What Is a Plan Year and Why Is It Important?
Understand the critical role of a plan year in benefit administration. Learn how this foundational period shapes plan operations, compliance, and participant benefits.
Understand the critical role of a plan year in benefit administration. Learn how this foundational period shapes plan operations, compliance, and participant benefits.
A “plan year” is a defined administrative period for employee benefit plans, such as retirement or health benefits. This established timeframe is used by employers to manage and track various aspects of their benefit offerings, ensuring proper operation and compliance.
A plan year is a specific 12-month period chosen by the plan sponsor for administering an employee benefit plan. This period does not always align with the standard calendar year (January 1 to December 31) or the employer’s fiscal year.

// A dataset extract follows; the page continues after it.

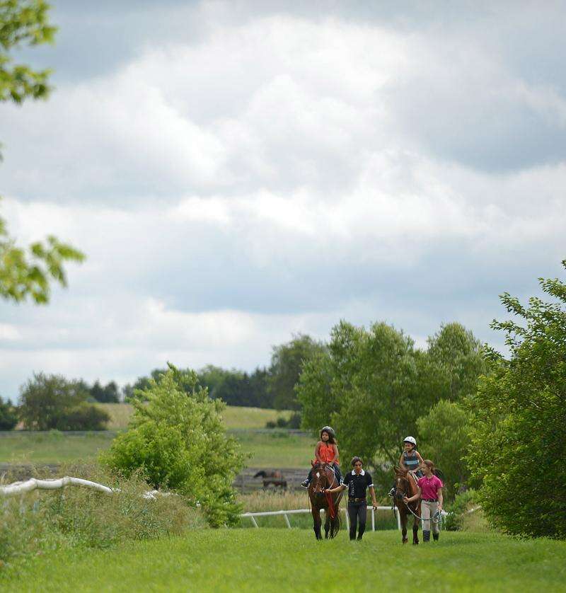 Another scenic spot for trail rides is Tower Hill Stables in Hampshire. Anyone age 8 and older can go on one-hour trail rides through the facility's bucolic 140 rolling acres. Kids under 8 can go on pony rides along the racing track.

For instance, a plan year could run from July 1 to June 30.
This 12-month timeframe establishes a consistent basis for tracking various plan provisions. These include determining employee eligibility for benefits, calculating contributions made by both employees and employers, and assessing vesting schedules.
The plan year dictates the timing for numerous compliance and reporting obligations. For instance, it sets the schedule for annual non-discrimination testing and the filing of government forms, such as Form 5500, which is required for many plans under the Employee Retirement Income Security Act (ERISA). Form 5500 must generally be filed electronically by the last day of the seventh month following the end of the plan year.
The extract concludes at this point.